## Requirement
Whatever pictures the entries hold, omit them, and output exactly the lines from the one containing "33. Tremela foliacea" through the final line.

[Recorded information — start]

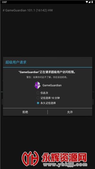 2、授予GameGuardian超级用户访问权限,选择允许即可。
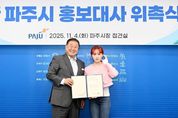 [비건뉴스=최지영 수습기자] 파주시는 11월 4일, 가수 김다현을 파주시 홍보대사로 추가 위촉했다고 밝혔다. 이번 위촉식은 김경일 파주시장과 김다현 씨의 가족들이 참석한 가운데 진행됐다. 김다현 씨는 앞으로 2년간 파주시의 주요 정책과 문화·관광을 홍보하고, 지역 행사 등에 적극 참여할 예정이다. 현재 한국과 일본을 오가며 활약 중인 김다현 씨는 ‘청학동 훈장’으로 알려진 김봉곤 훈장의 막내딸로, 2019년 곡 ‘꽃처녀’로 데뷔한 트로트 가수이자 국악인이다. 이후 엠비엔(MBN) 경연 프로그램 ‘보이스트롯’준우승, 티브이(TV)조선 ‘내일은 미스트롯2’3위, 엠비엔(MBN) ‘현역가왕’3위 등을 차지하며, 다양한 무대를 통해 국악적 깊이와 대중성을 함께 갖춘 가창력으로 주목받고 있다. 김경일 파주시장은 “트로트 요정 김다현 씨가 파주시의 젊고 활기찬 이미지를 알리는 데 큰 힘이 될 것으로 기대한다”라고 말했다. 앞서 파주시는 지난 17일 밴드 ‘두 번째 달’, 유튜브 창작자 ‘젼언니’, 가수 ‘김설’을 홍보대사로 위촉한 바 있다. 이번 김다현 씨의 합류로 파주시 홍보대사단은 한층 풍성해져, 음악·문
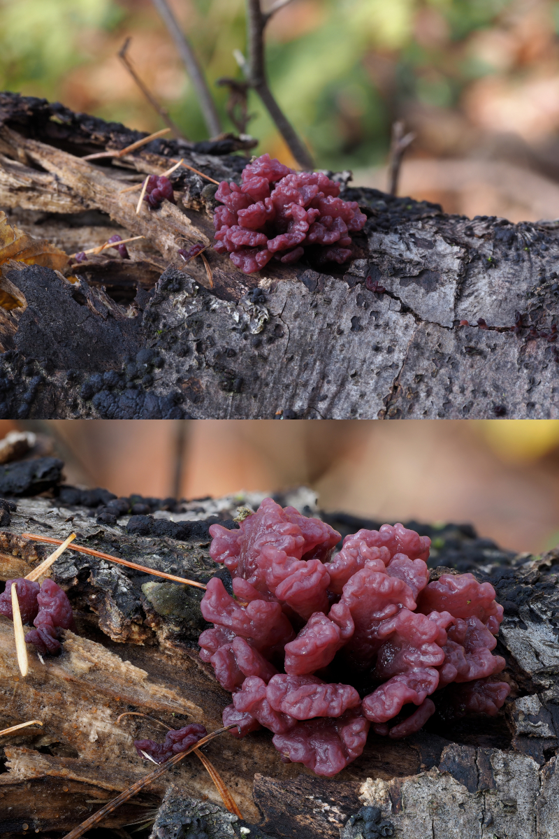 33. Tremela foliacea - Rotbrauner Zitterling (Danke beli!) Ascocoryne sarcoides / Coryne dubia - Fleischroter Gallertbecher (Danke Pablo!) (untere Bild gestackt)
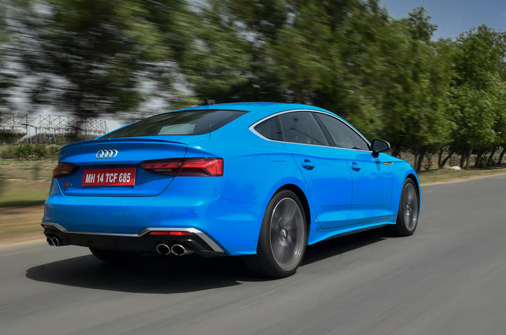Furthering this sporty cause are the aggressive-looking set of five-spoke, 19-inch alloys, a size up on the 18-inchers of before, which fill out the wheel arches nicely, and the S models’ trademark silver wing mirrors and quad tailpipes. Moreover, since this is a CBU import, the ride height hasn’t been raised for India, and what you get is a nice wide stance (the S5’s shape was always inherently muscular) but still enough ground clearance for our roads.
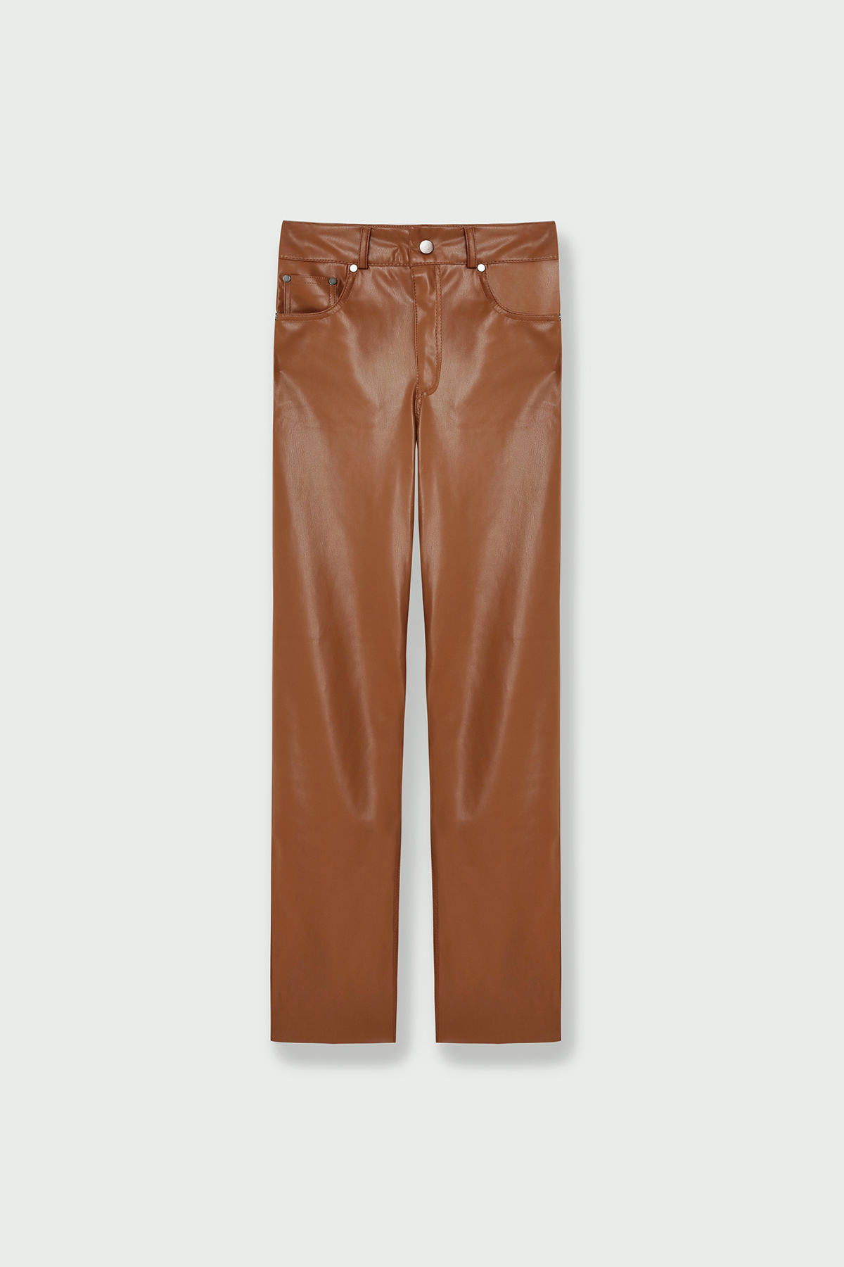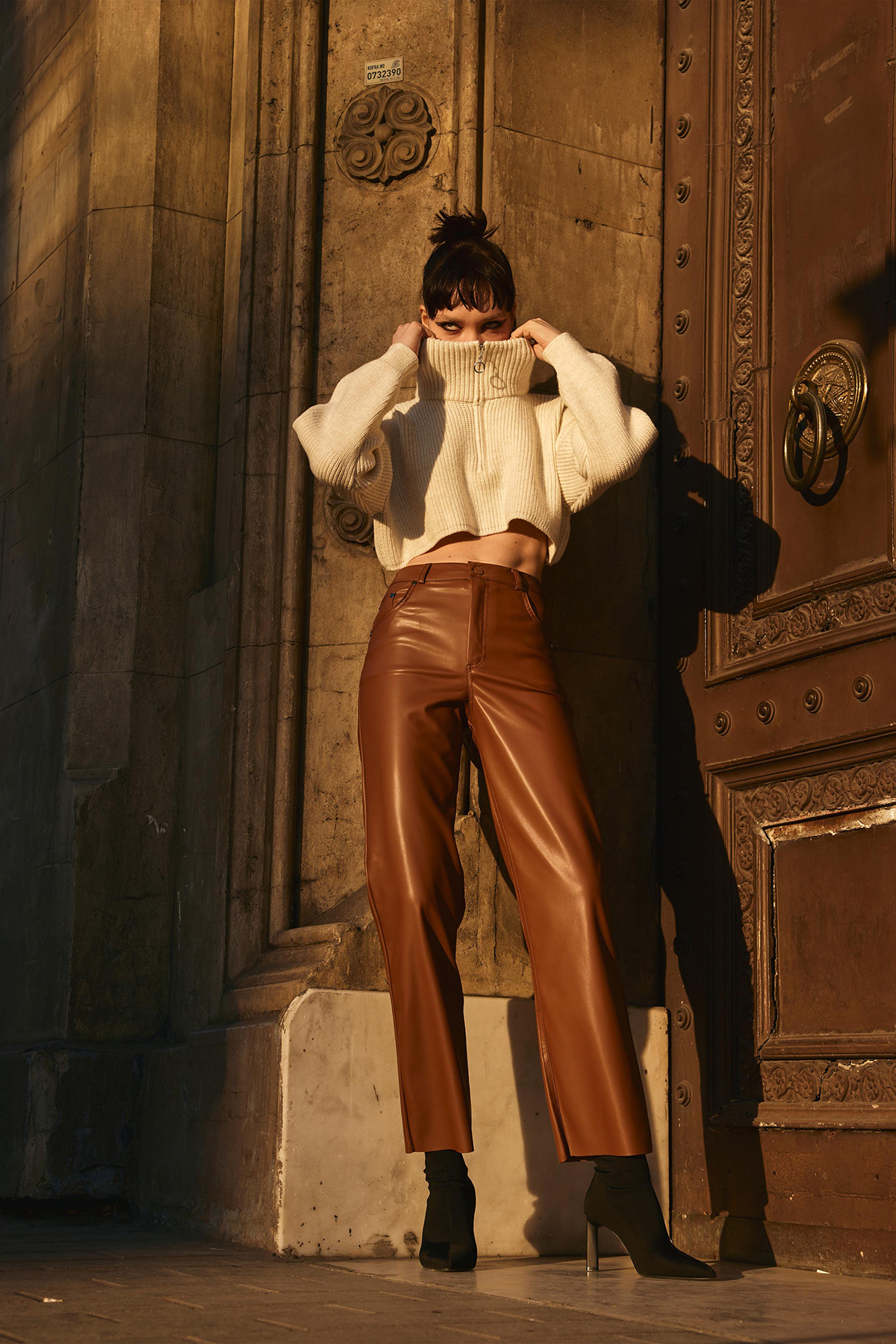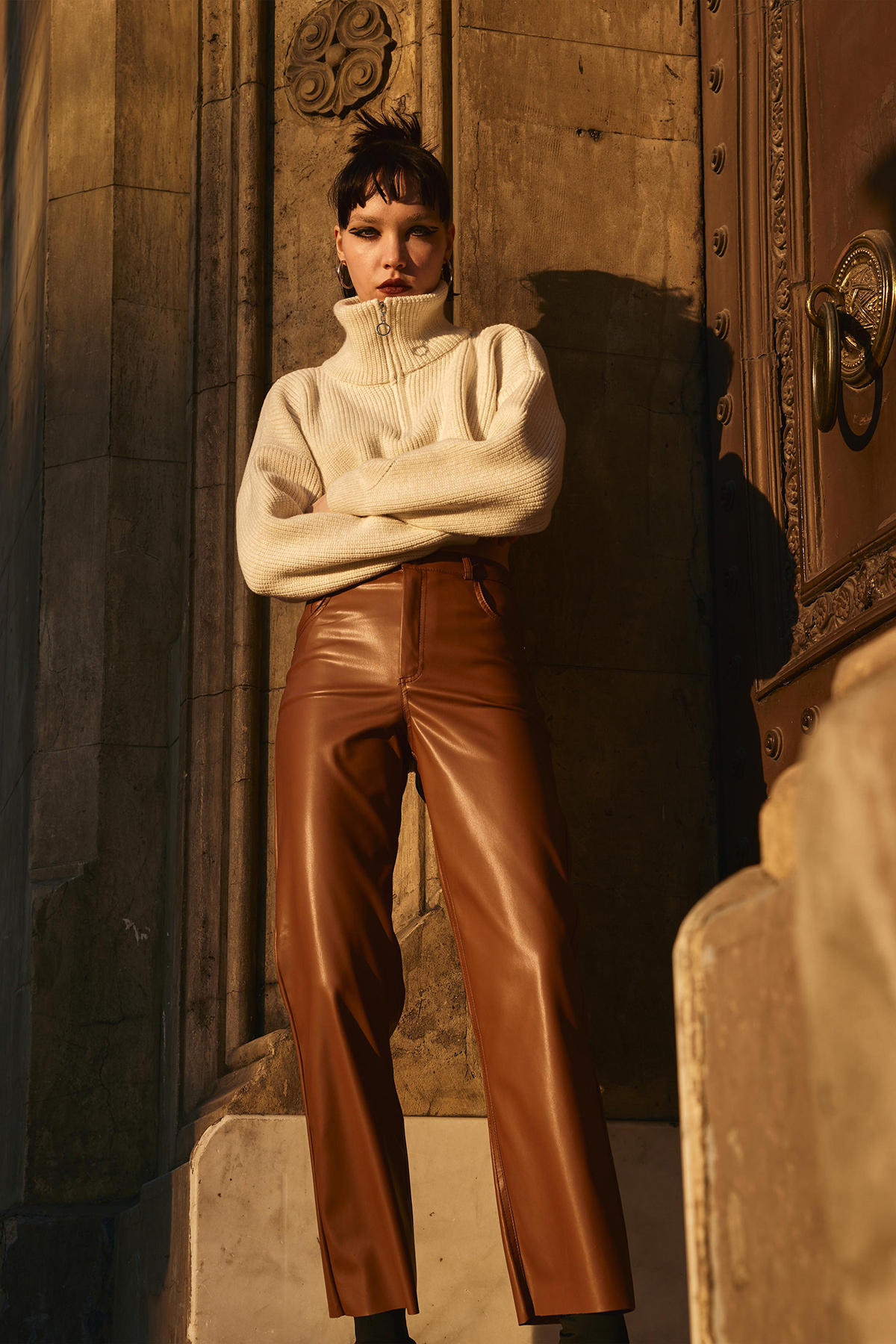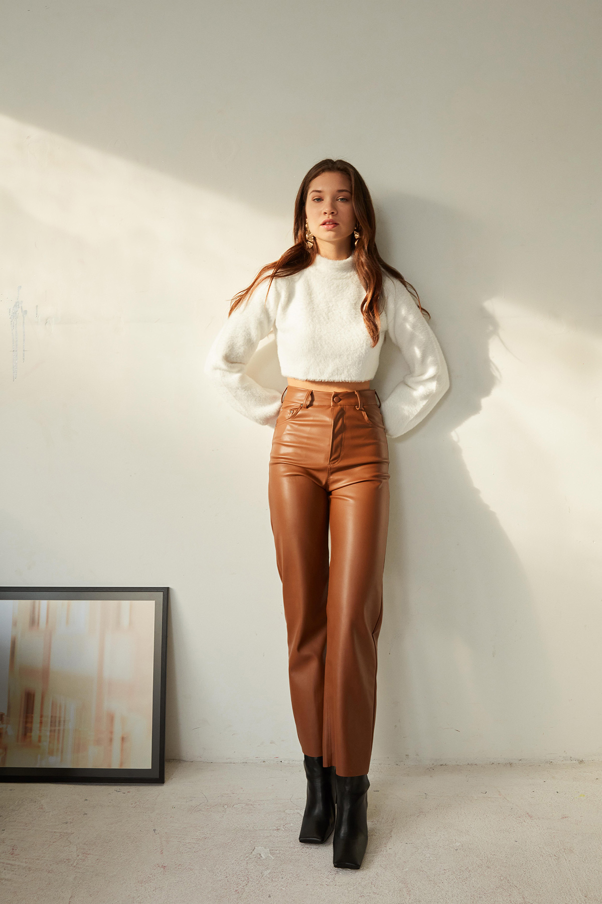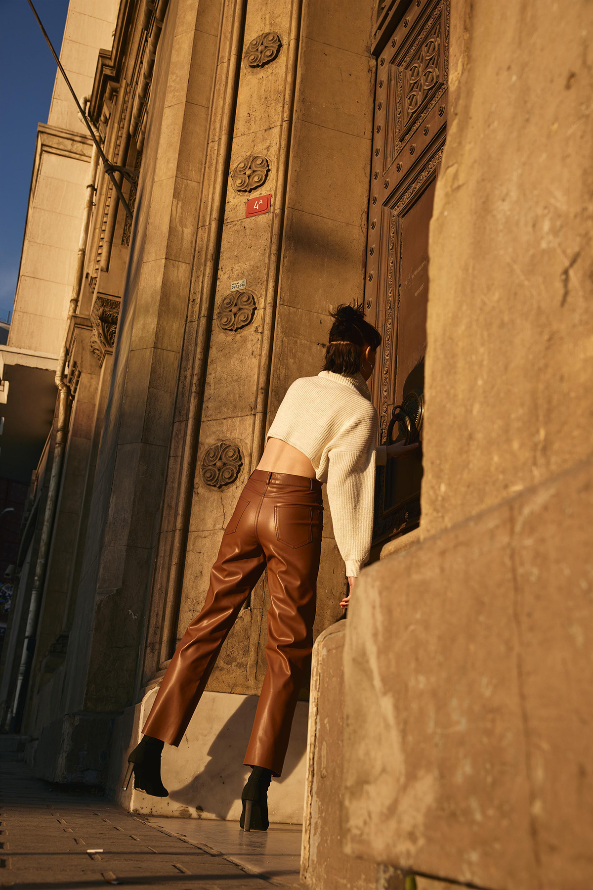 Yüksek bel, üç ön cepli, tam kalıp , önü fermuarlı, paçası lazer kesim bol paça suni deri pantolon. İç kısmı süettir.

[Recorded information — finish]

## Result
 33. Tremela foliacea - Rotbrauner Zitterling (Danke beli!) Ascocoryne sarcoides / Coryne dubia - Fleischroter Gallertbecher (Danke Pablo!) (untere Bild gestackt)
Furthering this sporty cause are the aggressive-looking set of five-spoke, 19-inch alloys, a size up on the 18-inchers of before, which fill out the wheel arches nicely, and the S models’ trademark silver wing mirrors and quad tailpipes. Moreover, since this is a CBU import, the ride height hasn’t been raised for India, and what you get is a nice wide stance (the S5’s shape was always inherently muscular) but still enough ground clearance for our roads.
 Yüksek bel, üç ön cepli, tam kalıp , önü fermuarlı, paçası lazer kesim bol paça suni deri pantolon. İç kısmı süettir.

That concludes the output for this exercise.